The House of Orange has turned crimson with rage over shocking revelations depicting popular Queen Beatrix as a manipulative supersnob who falls asleep at parties after two many glasses of wine and her father Prince Bernard, aged 90, as a serial philanderer who kept a mistress at the palace for decades.
The Dutch royal family has long been immune to the kind of embarrassing scandal that has so plagued its British counterpart. But, to make matters worse, the lid has been lifted, not by the so called "boulevard" press in the Netherlands, but by an insider - the Queen's niece and god-daughter, no less.
Now the feud between Princess Margarita and her Dutch husband, Edwin de Roy van Zuydewijn, and the royal family is threatening to spill out into the courts.
The pair, now living in France, allege that a sustained slander campaign against them was orchestrated by the monarch and her court which has ruined their livelihoods.
De Roy van Zuydewijn, described as a business entrepreneur, claims to have lost millions of euros in contracts.
He and his wife say companies who were on the brink of signing contracts with his "Fincentives", a business specialising in personnel options, which he set up, mysteriously pulled out at the last minute. They claim the reason was pressure from the Dutch royal family.
According to palace insiders, de Roy van Zuydewijn was seen as a "bit of a dodgy character" who infuriated them for styling himself a baron and using the title in France. A genealogical expert told a Dutch newspaper with good royal contacts that his wing of the family had never been titled.
Now a well known law expert, Professor W. J. Slagter of the Erasmus University in Rotterdam, who also runs a successful legal business, has confirmed that a legal action was planned and the couple intended calling 35 witnesses to back up their claim of a long-running hate campaign. The Rotterdam legal firm of Mastenbroek were said to be preparing court papers in advance of a civil action.
For two weeks now a Dutch public, unaccustomed to any controversial publicity about its royalty, has been flocking to the news-stands to lap up further instalments of life inside the royal goldfish bowl in the current affairs magazine HP De Tijd.
Princess Margarita Bourbon-Parma, who is the eldest daughter of the Queen's younger sister, Irene, told how she was raised by a succession of nursemaids while her mother, the author of holistic books who regularly swims with dolphins and talks to trees, busied herself elsewhere.
She portrayed her aunt and godmother, the Queen, as a tyrant who had decreed that the man she subsequently married, de Roy van Zuydewijn, was unsuitable and should be deemed an untouchable.
When the couple married in France in 2001, few members of the Dutch royal family turned up. They claim that, whenever they attended family gatherings since then, they have been ignored, insulted and ostracised. De Roy van Zuydewijn told how he was subjected to "psychological terror" around the royal dinner table during an inquisition about his business background. At one royal wedding the Queen personally ordered de Roy van Zuydewijn to be removed from the group photograph while his outstretched hand was deliberately ignored by a lady-in-waiting when he attempted to shake her hand. At one party they had attended, on the Queen's birthday, the monarch was slumped in a chair asleep and she drank a lot of glasses of wine, de Roy van Zuydewijn told the Dutch magazine.

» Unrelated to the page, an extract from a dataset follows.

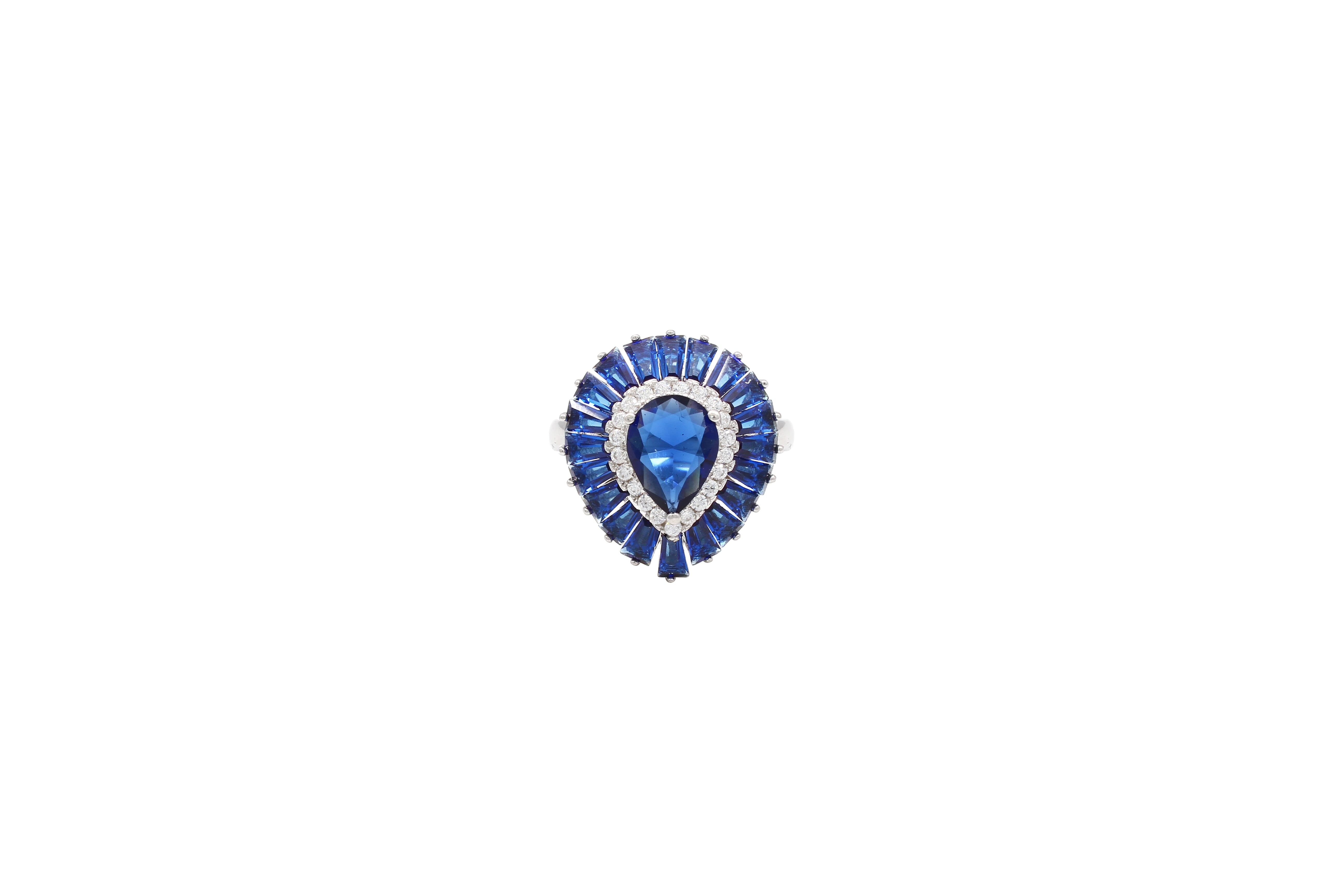 Asfour Vintage Ring With Blue Pear Design In 925 Sterling Silver RR0319-B-9

But more disturbing disclosures also emerged. The couple claimed that their home in Amsterdam was bugged and de Roy van Zuydewijn's mail intercepted by the intelligence service.
Margarita's father, Carlos Bourbon de Parma, who is divorced from her mother, ordered an investigation into de Roy van Zuydewijn's medical records to see if he was HIV positive and tried to obtain bank and social welfare records to damage him, they say.
Princess Margarita also alleges her grandfather, Prince Bernard, who banned them from his 90th birthday, kept his mistress, who was also his personnel assistant, at apartments in the palace for decades and made his grandchildren call her "aunt".
Queen Beatrix is said to be appalled at the intrusion into the House of Orange's closely guarded privacy and furious with her niece. The only official statement has been one stating that "out of love for Margarita the family does not wish to comment".
Dutch royal biographer Fred Lammers, who has written books on Queen Beatrix and Crown Prince Willem Alexander, told the Independent: "This is all a nightmare come true; for years the Queen prided herself on avoiding the type of thing which has so damaged the British monarchy. Now it seems the skeletons are being rattled and, if anything, what's emerging here is even more damaging."
A TV documentary series screening in Holland will focus on the power wielded by the Queen's father, Prince Bernard, while his wife, Juliana, was on the throne. Several prominent interviewees have confirmed in the programme that he fathered a number of illegitimate children, according to the newspaper De Telegraaf.